– Он здесь. Он живет. Он действует. Именно из-за него начались лихорадка и настоящее безумие. Горожан стала охватывать чудовищная ярость – вы сами видели и юношу, и ту даму – в переулке. Иногда они убивали голыми руками, зубами, палками. Все это последствия жизни Осколка Тьмы, – испанец горько и коротко хохотнул. – Х-х-ха! Гектор! Кто придумал столь дурацкое название, ты не помнишь? Впрочем, за неимением лучшего… Пусть будет так.
– Если. Ты. Сейчас. Не. Пояснишь. Я. Тебя. Убью, – отчеканил германец, положив руку на меч.
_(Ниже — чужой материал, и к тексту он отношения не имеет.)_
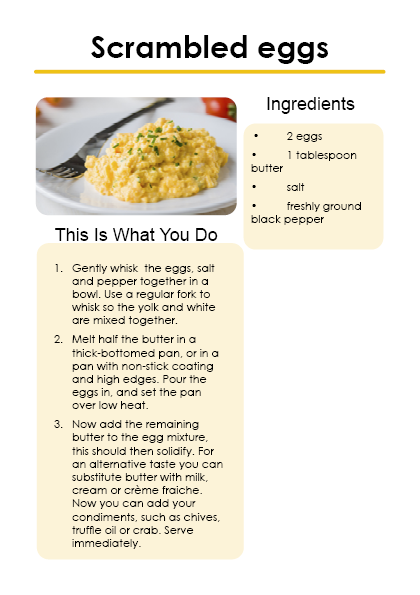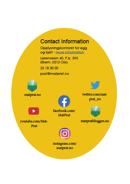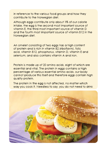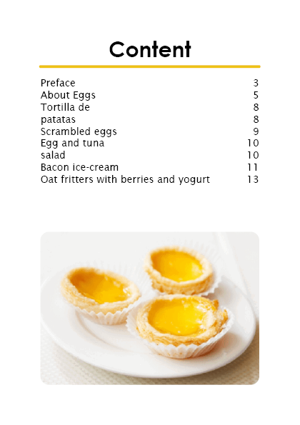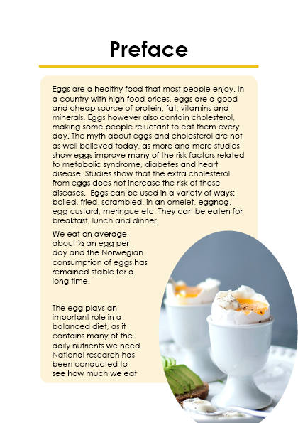 The booklet is themed after the shape and colours of an egg. White and warm yellow is the main

– Как я и говорил, теперь это крайне маловероятно. Но в сторону. Вы хотели ясности? Я обещал ее показать? Ну что же… все пояснения даны. Как сказано в Писании: имеющий уши слышать – услышит. Пора, чтобы имеющие глаза видеть – увидели. И как речено в старину: Sapienti sat. Впрочем, это уже все равно.
Хименес ткнул рукой в сторону престола.
– Алтарная плита, сдвиньте ее. Столь мощным мужам это не составит затруднений.
Никто и пошевелиться не успел, когда де Ламье, в два шага подскочив к алтарю, уперся в край плиты, крякнул от натуги, и двухдюймовый мрамор со скрежетом подался на пядь. Потом еще. И еще. И еще. И…
Могучий, бесстрашный воин, повидавший на своем веку такое, что хватило бы на три жизни, не боявшийся ни Бога, ни черта, ни человека, который на грешной земле бывает страшнее и того и другого, внезапно тонко вскрикнул. Да не вскрикнул, почти завизжал, отступил на шаг, запнулся и покатился по полу в грохоте лат.
Спустя миг спутники поняли отчего.
Если это был осколок, то каково же целое?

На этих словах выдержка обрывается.